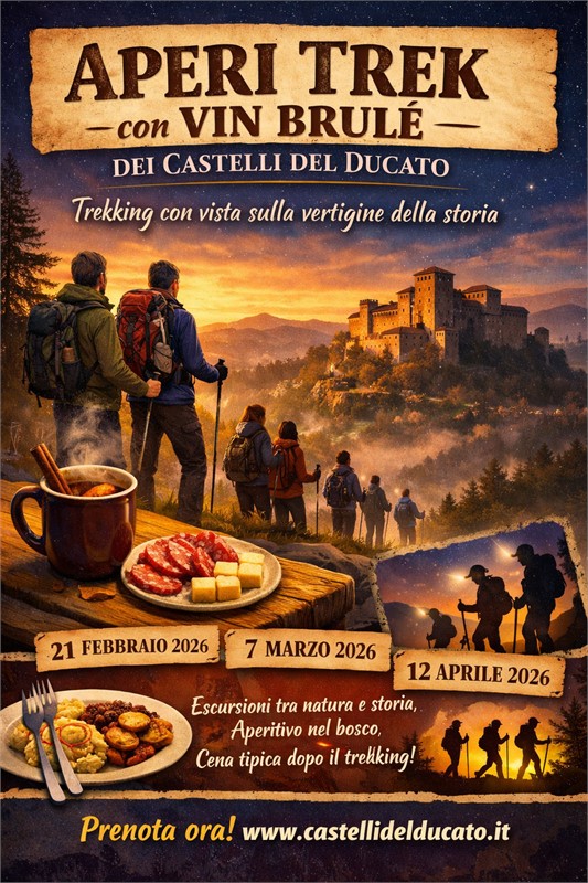Aperi Trek con vin brulè dei Castelli del Ducato: trekking con vista sulla vertigine della storia.
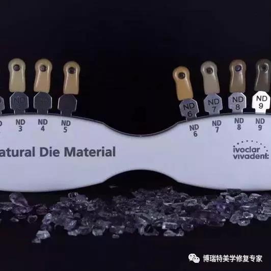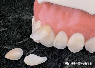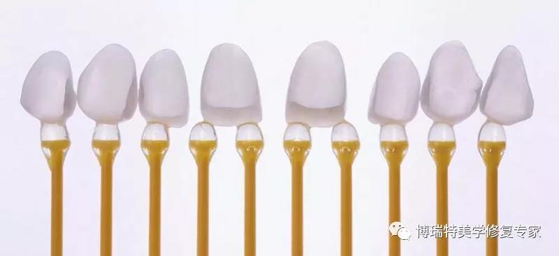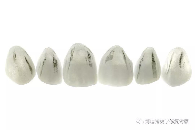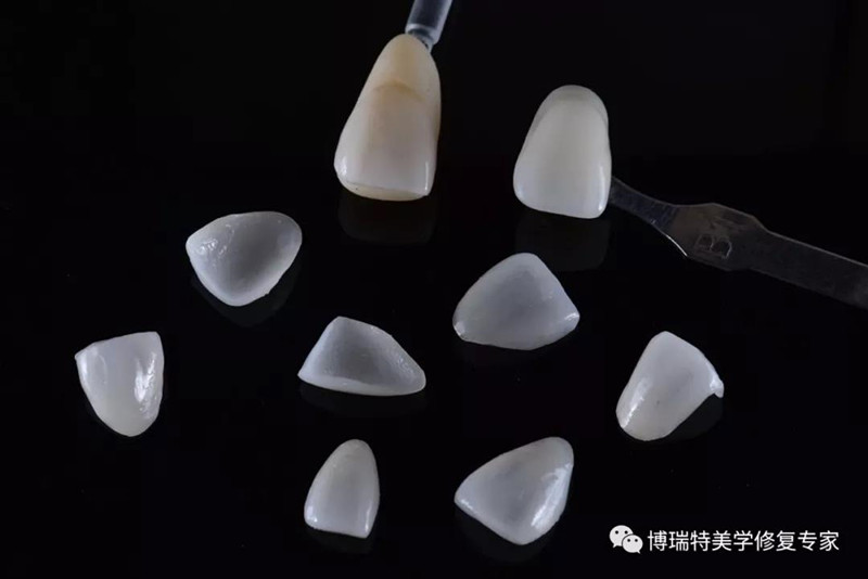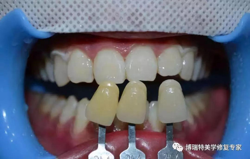 为了使瓷贴面修复体达到理想的颜色效果,基牙的比色尤为重要。技师根据比色板的显示,制作相应的代型模型来模拟患者基牙的颜色,光泽和亮度。将完成的修复体放置于该代型材料上进行染色,使完成的全瓷材料能够更好地表达在口腔中自然光线下的效果。技师通过牙科医生提供的天然牙比色和基牙比色结果,选择相对应的全瓷材料,避免因基牙的颜色而影响最终的瓷贴面修复体的美学效果。
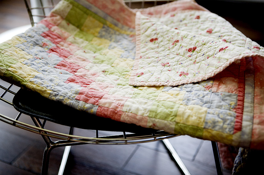 I was straightening up a storage closet this weekend when I realized, holy crap, I own a lot of quilts. In fact, I own so many I guess you could say that I collect them, so this week I’m going to feature some of my favorites here in the style section. This was the one Jon’s mother Della hand-quilted for Leta when she was born. She asked what the colors in her nursery were going to be, I said pink and green, and this is the beautiful piece that she designed. I’m making Leta treat this with the utmost respect because I want her to be able to pass this along to her own children should she choose to have any. If she chooses not to, well then, I can always leave my life savings to the goldfish.
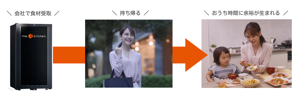 「the 3rd kitchen®︎」は、いつもの職場でご家族さまも安心して召し上がれる夕飯ミールキットが受け取れるサービスです。
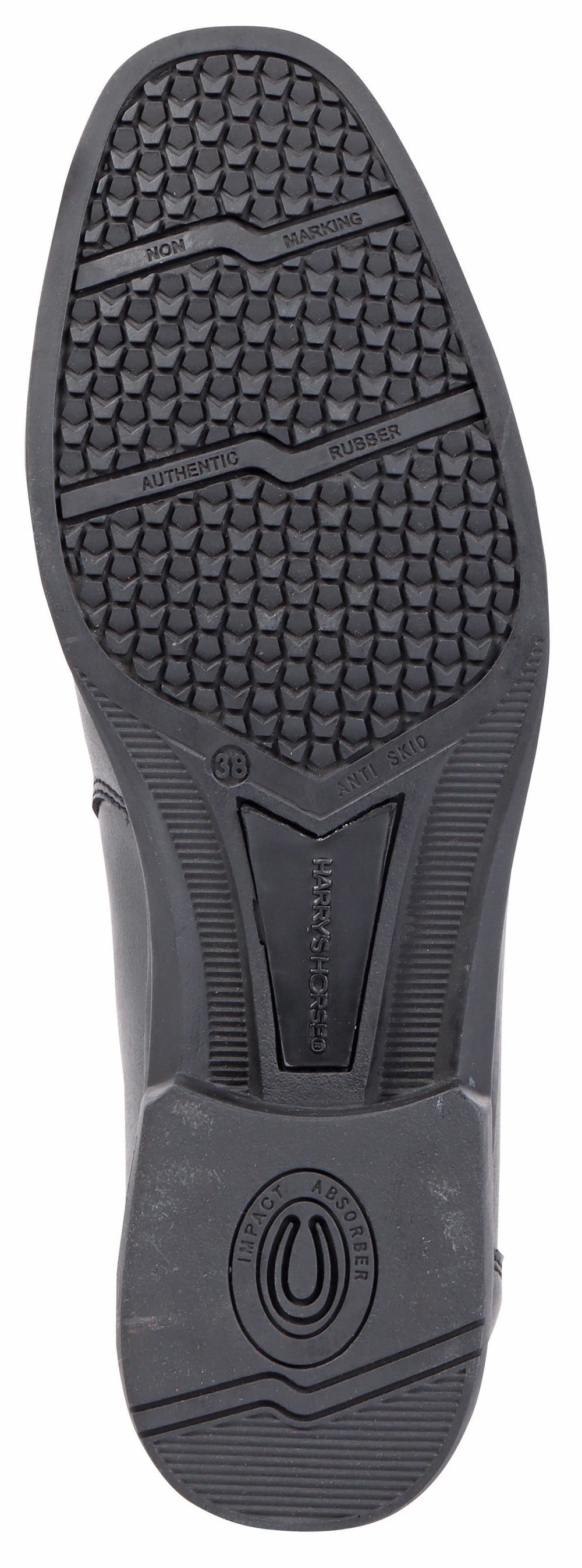 Synthetic leather riding boot with front zip including protective flap that is easy to open and close. With elastic insert at the back.
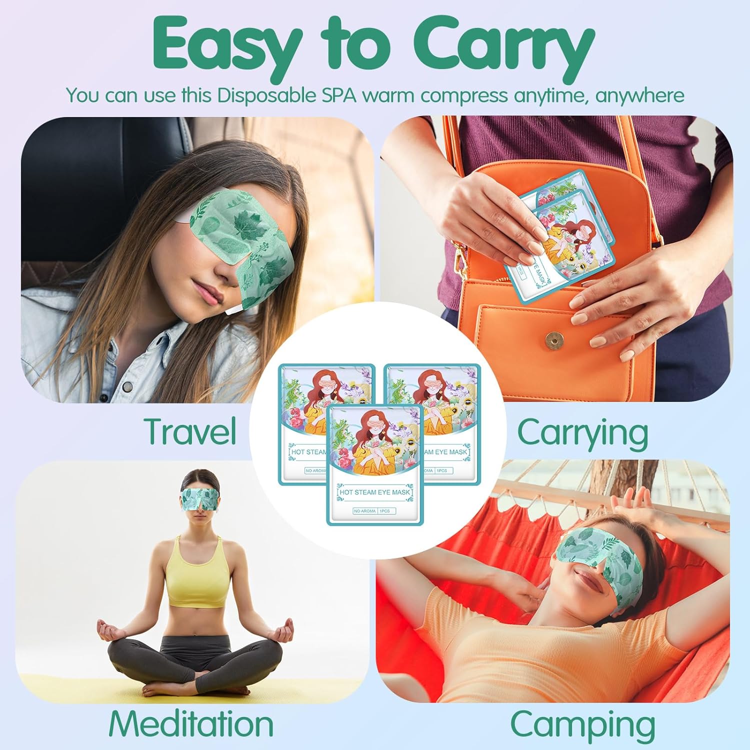 - Easy to Carry: each one of the spa eye mask bulk is self packing and sealed well; It's convenient to carry out; And each heated eye patch is disposable and convenient for you to carry and use when going out; You can use the steam eye mask anytime and anywhere to relieve your eye pressure and enjoy a relaxing moment
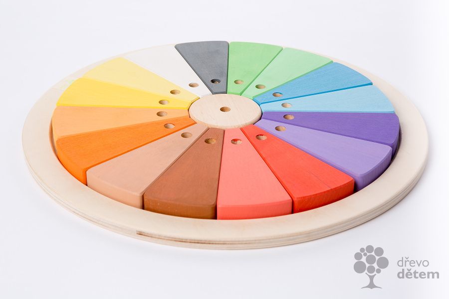 Další barevnost do naší pestré rodiny. Tahle stavebnice má kruhovitý tvar a skládá se z 16 dřevěných kruhových výsečí, doplněných o kolečko uprostřed, tak jako děti kreslí sluníčko. Každá výseč má jinou barvu, respektive je zde osm barev ve dvou odstínech. V každé je průchozí otvor na užší straně a neprůchozí na straně širší, lze je nasazovat na tyčku a vyrobit třeba spirálové "schodiště", nasadit přiložené krátké tyčky jako zábradlí a poslat dolů dřevěnou kuličku, která je taktéž součástí. Další možnosti skládání s tyčkou i bez jsou jen na dětské fantazii .........třeba viz foto.
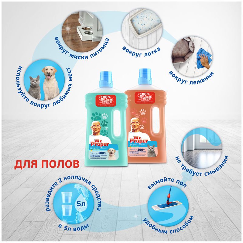 Средство для мытья пола Mr.Proper "Для домов с кошками", Цитрус, жидкий, 1л (ПОД ЗАКАЗ)
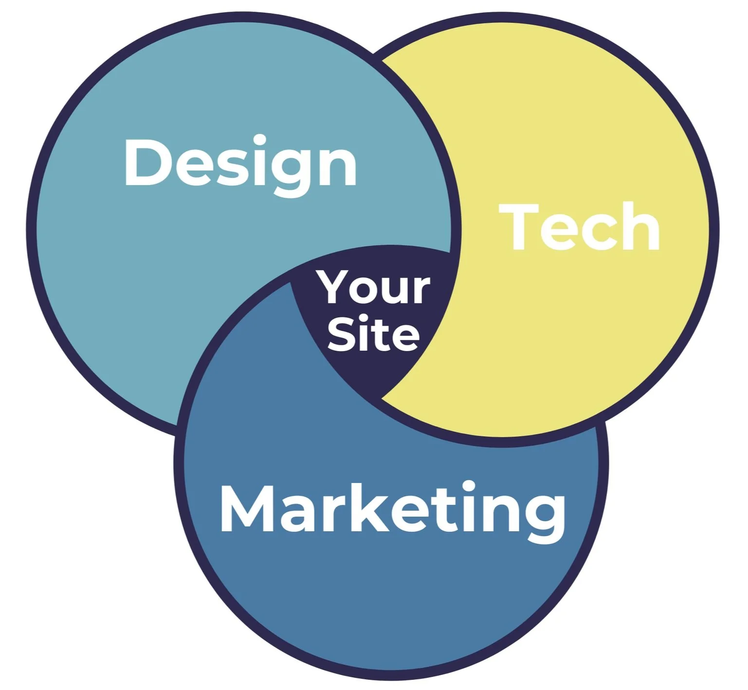 A great website requires careful attention to three critical elements: Design, Tech, and Marketing.
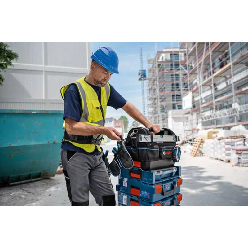Avec le sac a outils GWT 20 et le set d’outils a main de Bosch Professional, vous avez vos outils essentiels toujours a portée de main, toujours bien rangés et prets pour le transport. Le sac a outils ouvert est doté de divers compartiments et poches permettant un rangement personnalisé et un acces rapide aux outils ; des boucles intégrées permettent de fixer des deux côtés des supports ProClick ou sacoches porte-outils. Grâce aux clips de verrouillage, le sac peut etre clipsé a un coffret L-BOXX Bosch pour un transport en toute sécurité. Le set inclut 8 outils a main Bosch Professional pour usage général : 3 tournevis, set de 9 clés a six pans, pince coupante diagonale, marteau de mécanicien, cutter a lame rétractable et niveau magnétique.
□ □ □ □ □
REQUIRED ACTION: Go through the listing above and write it out again exactly, dropping the pictures.

OUTPUT OF THE EXERCISE:
Aperi Trek con vin brulè dei Castelli del Ducato: trekking con vista sulla vertigine della storia.
 为了使瓷贴面修复体达到理想的颜色效果,基牙的比色尤为重要。技师根据比色板的显示,制作相应的代型模型来模拟患者基牙的颜色,光泽和亮度。将完成的修复体放置于该代型材料上进行染色,使完成的全瓷材料能够更好地表达在口腔中自然光线下的效果。技师通过牙科医生提供的天然牙比色和基牙比色结果,选择相对应的全瓷材料,避免因基牙的颜色而影响最终的瓷贴面修复体的美学效果。
 I was straightening up a storage closet this weekend when I realized, holy crap, I own a lot of quilts. In fact, I own so many I guess you could say that I collect them, so this week I’m going to feature some of my favorites here in the style section. This was the one Jon’s mother Della hand-quilted for Leta when she was born. She asked what the colors in her nursery were going to be, I said pink and green, and this is the beautiful piece that she designed. I’m making Leta treat this with the utmost respect because I want her to be able to pass this along to her own children should she choose to have any. If she chooses not to, well then, I can always leave my life savings to the goldfish.
 「the 3rd kitchen®︎」は、いつもの職場でご家族さまも安心して召し上がれる夕飯ミールキットが受け取れるサービスです。
 Synthetic leather riding boot with front zip including protective flap that is easy to open and close. With elastic insert at the back.
 - Easy to Carry: each one of the spa eye mask bulk is self packing and sealed well; It's convenient to carry out; And each heated eye patch is disposable and convenient for you to carry and use when going out; You can use the steam eye mask anytime and anywhere to relieve your eye pressure and enjoy a relaxing moment
 Další barevnost do naší pestré rodiny. Tahle stavebnice má kruhovitý tvar a skládá se z 16 dřevěných kruhových výsečí, doplněných o kolečko uprostřed, tak jako děti kreslí sluníčko. Každá výseč má jinou barvu, respektive je zde osm barev ve dvou odstínech. V každé je průchozí otvor na užší straně a neprůchozí na straně širší, lze je nasazovat na tyčku a vyrobit třeba spirálové "schodiště", nasadit přiložené krátké tyčky jako zábradlí a poslat dolů dřevěnou kuličku, která je taktéž součástí. Další možnosti skládání s tyčkou i bez jsou jen na dětské fantazii .........třeba viz foto.
 Средство для мытья пола Mr.Proper "Для домов с кошками", Цитрус, жидкий, 1л (ПОД ЗАКАЗ)
 A great website requires careful attention to three critical elements: Design, Tech, and Marketing.
Avec le sac a outils GWT 20 et le set d’outils a main de Bosch Professional, vous avez vos outils essentiels toujours a portée de main, toujours bien rangés et prets pour le transport. Le sac a outils ouvert est doté de divers compartiments et poches permettant un rangement personnalisé et un acces rapide aux outils ; des boucles intégrées permettent de fixer des deux côtés des supports ProClick ou sacoches porte-outils. Grâce aux clips de verrouillage, le sac peut etre clipsé a un coffret L-BOXX Bosch pour un transport en toute sécurité. Le set inclut 8 outils a main Bosch Professional pour usage général : 3 tournevis, set de 9 clés a six pans, pince coupante diagonale, marteau de mécanicien, cutter a lame rétractable et niveau magnétique.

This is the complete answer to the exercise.